Questo è su una scatola di FreeBSD, ma immagino che sarebbe applicabile ovunque.

Ecco un buon post sull'argomento di Rainer Wichmann.

Spiega pro e contro su questi metodi per farlo:

• Password complesse
• Autenticazione RSA
• Usando 'iptables' per bloccare l'attacco
• Utilizzo del registro sshd per bloccare gli attacchi
• Utilizzo di tcp_wrappers per bloccare gli attacchi
• Bussare alla porta

Uso fail2ban che bloccherà un IP dopo diversi tentativi falliti per un periodo di tempo configurabile.

Combina questo con i test di sicurezza delle password (usando john (John the Ripper)) per garantire che gli attacchi di forza bruta non abbiano successo.

La piccola cosa che puoi fare è usare qualcosa come DenyHosts:

http://denyhosts.sourceforge.net/

Utilizza il file hosts.allow / hosts.deny integrato per bloccare gli utenti di SSH.

• Cambia la porta utilizzata (come menzionato da Trento )
• Richiedi chiavi di crittografia anziché password. http://novosial.org/openssh/publickey-auth/
• Lista nera attaccante ips
• Aggiungi alla lista bianca gli utenti noti per impedire la blacklist accidentale. (come menzionato Samiuela)

Uno dei modi più semplici per evitare questi attacchi è cambiare la porta su cui sshd è in ascolto

Come sottolinea Chris, utilizzare le chiavi di crittografia anziché le password.

Aggiungi a quello:

• utilizzare una whitelist ove possibile.

Quante persone o posizioni (con IP pubblici fluttuanti) hai davvero bisogno di accedere alle tue connessioni ssh pubbliche?

A seconda del numero di host SSH pubblici che stai gestendo e della possibilità di restringere i criteri di connessione generali, potrebbe essere una configurazione più semplice, ma non modificabile, per limitare l'accesso a pochi host esterni.

Se questo funziona per te, può davvero semplificare il sovraccarico amministrativo.

Oltre agli altri buoni suggerimenti, una cosa davvero semplice da fare è la connessione in entrata con limite di velocità. Limite a 3 connessioni al minuto per IP:

iptables -A INPUT -p tcp --dport 22 -m state --state ESTABLISHED,RELATED -j ACCEPT
iptables -A INPUT -p tcp --dport 22 -m state --state NEW -m limit --limit 3/min --limit-burst 3 -j ACCEPT
iptables -A INPUT -p tcp --dport 22 -j DROP

Utilizzare l'opzione "AllowUsers" in sshd_config per assicurarsi che solo un numero limitato di utenti possa accedere. Tutti gli altri verranno rifiutati, anche se il loro nome utente e password sono corretti.

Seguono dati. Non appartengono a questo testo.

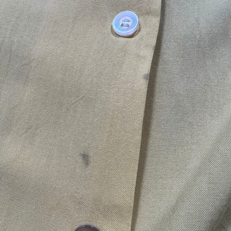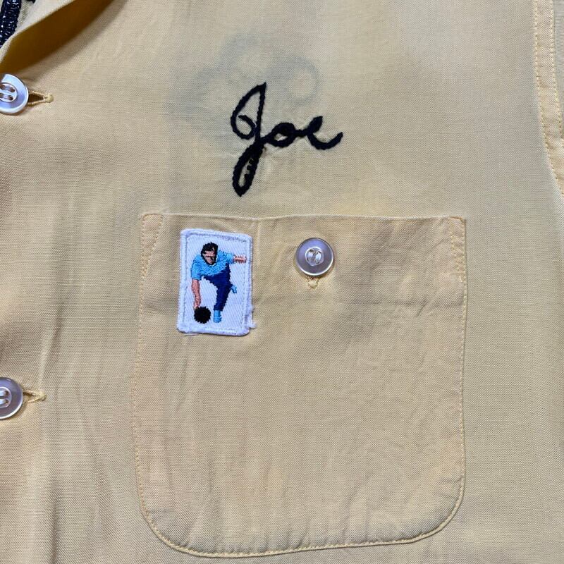 60年代頃のDon Carterボーリングシャツです。1950年代から1970年代初頭に活躍した伝説のボーラー「Don Carter」が1964年にボーリングメーカーのEboniteと契約を結び、当時ではアメリカのスポーツ史上初の$1,000,000プレーヤーとなりました。ご紹介するこちらのシャツは、Ebonite社が彼の名前を冠したブランドとして販売されたアイテムで、タグには彼のサインが刺繍されています。襟には芯が入りで、肩周りにはアクションプリーツの入らないプレーンなボックスシルエットです。胸元にはボーラーのワッペンとネーム、背面にはチェーンステッチが施されています。フロントに小さなペンキ飛びや、薄汚れ、ピンホールが見らえます。胸ポケットのボタン裏の生地にややダメージがあったので、接着芯で補強してからボタンを縫い直しています。背面のヨークにハンドステッチによるリペアがありますが、コンディションは悪くないと思います。サイズ表記はMです。イエローとブラックのコントラストが良く、デニムとの相性も抜群です。ボーリングシャツや、チェーンステッチがお好きな方は是非いかがでしょうか。
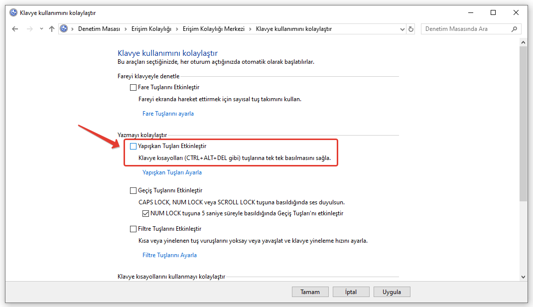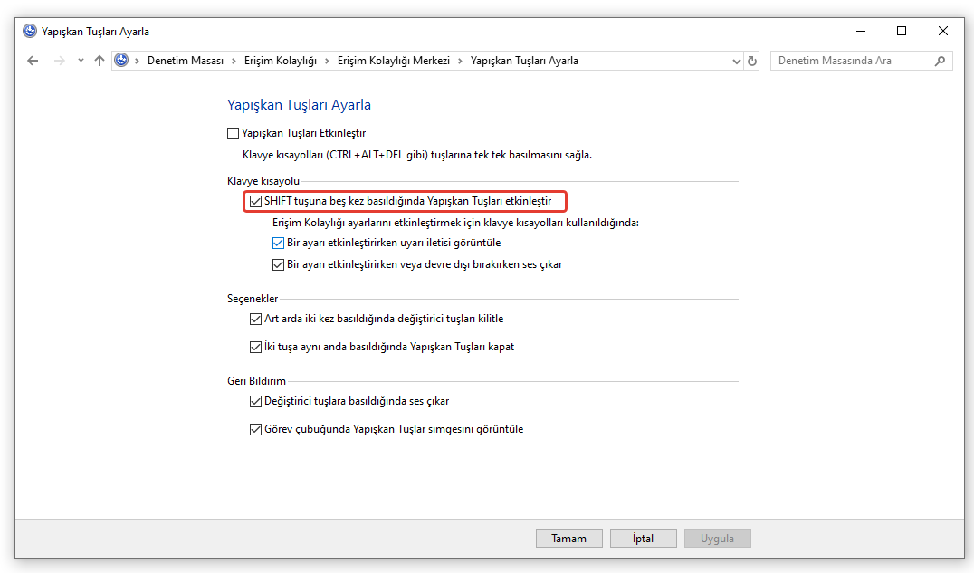 Ayrıca SHIFT tuşuna 5 kez bastığınızda uyarı çıkmasını istemiyorsanız da Yapışkan Tuşları Ayarla yazısına tıklayıp buradan “SHIFT tuşuna beş kez basıldığında yapışkan tuşları etkinleştir” ayarını devre dışı bırakabilirsiniz.

Puoi anche limitare gli utenti agli accessi da un determinato host.

per esempio,

AllowUsers user1 user2@host.example.com

Ciò ridurrà lo spazio di ricerca ed eviterà quei vecchi utenti che sono stati accidentalmente lasciati in giro o abilitati (anche se questi ovviamente dovrebbero essere disabilitati comunque, questo è un modo semplice per impedire che vengano utilizzati per una voce basata su SSH).

Questo non ferma completamente gli attacchi di forza bruta, ma aiuta a ridurre il rischio.

Usa qualcosa del genere con PF:

tabella <ssh-brute>
blocco persistente nel registro rapido dall'etichetta ssh_brute
passa su $ ext_if proto tcp a ($ ext_if) porta ssh modulate state \
(max-src-conn-rate 3/10, overload flush globale)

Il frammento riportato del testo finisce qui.